-- Dataset excerpt follows --
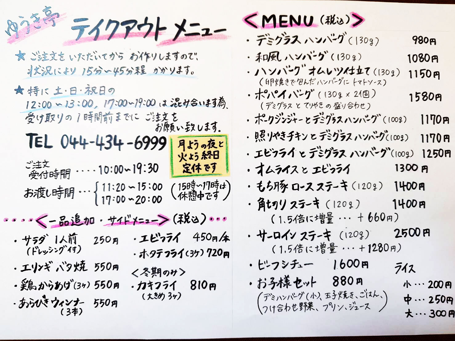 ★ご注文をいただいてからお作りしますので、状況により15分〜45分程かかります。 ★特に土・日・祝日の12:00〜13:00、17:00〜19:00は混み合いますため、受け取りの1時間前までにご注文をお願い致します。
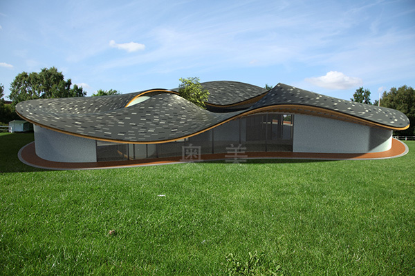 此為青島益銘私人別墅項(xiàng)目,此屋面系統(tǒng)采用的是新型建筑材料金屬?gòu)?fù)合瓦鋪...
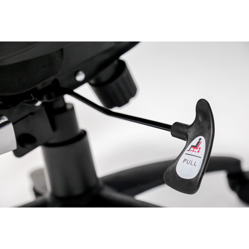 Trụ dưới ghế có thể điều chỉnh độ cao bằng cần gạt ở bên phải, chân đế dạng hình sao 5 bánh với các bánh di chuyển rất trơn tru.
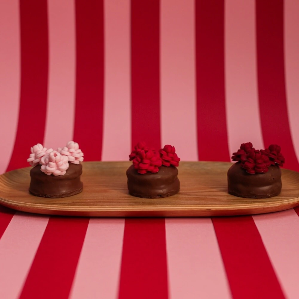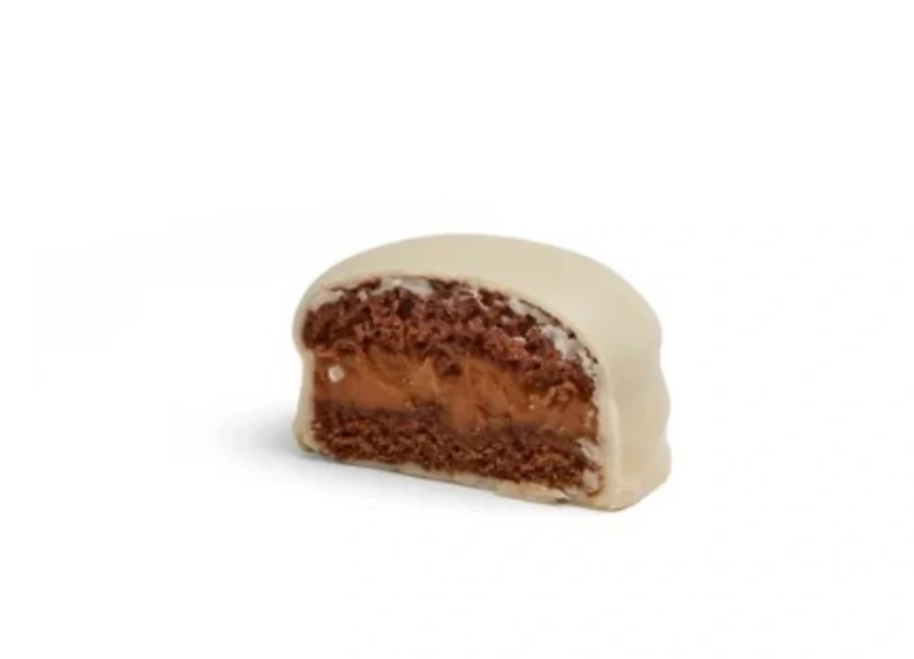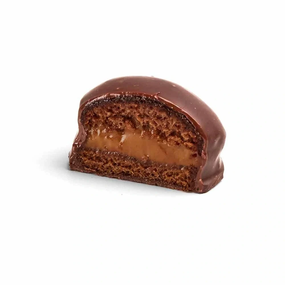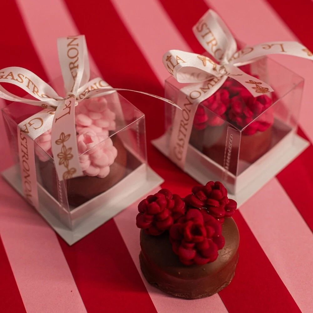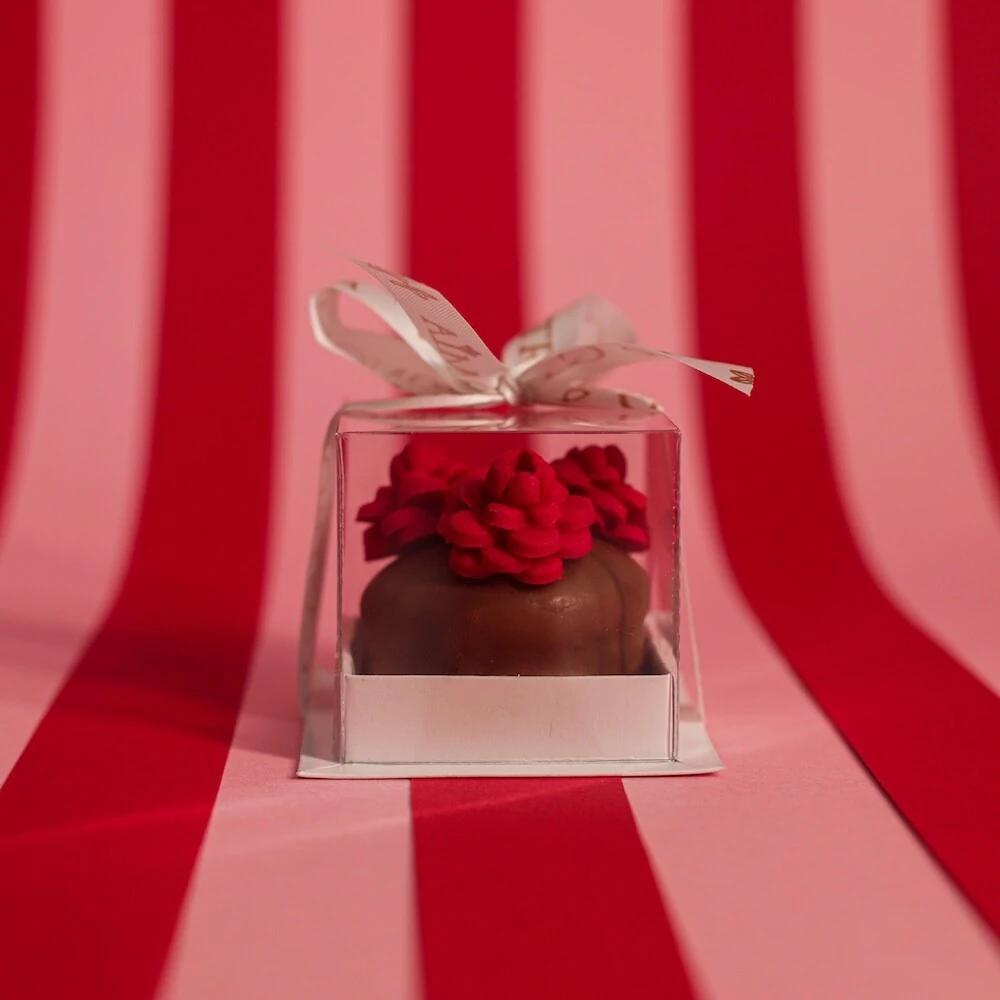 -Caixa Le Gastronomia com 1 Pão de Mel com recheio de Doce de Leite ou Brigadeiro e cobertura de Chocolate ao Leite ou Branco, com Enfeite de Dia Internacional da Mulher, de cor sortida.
-- Dataset excerpt concluded --
## What you are asked to do
Word for word, print the material above, but without its pictures.

## Reply
 ★ご注文をいただいてからお作りしますので、状況により15分〜45分程かかります。 ★特に土・日・祝日の12:00〜13:00、17:00〜19:00は混み合いますため、受け取りの1時間前までにご注文をお願い致します。
 此為青島益銘私人別墅項(xiàng)目,此屋面系統(tǒng)采用的是新型建筑材料金屬?gòu)?fù)合瓦鋪...
 Trụ dưới ghế có thể điều chỉnh độ cao bằng cần gạt ở bên phải, chân đế dạng hình sao 5 bánh với các bánh di chuyển rất trơn tru.
 -Caixa Le Gastronomia com 1 Pão de Mel com recheio de Doce de Leite ou Brigadeiro e cobertura de Chocolate ao Leite ou Branco, com Enfeite de Dia Internacional da Mulher, de cor sortida.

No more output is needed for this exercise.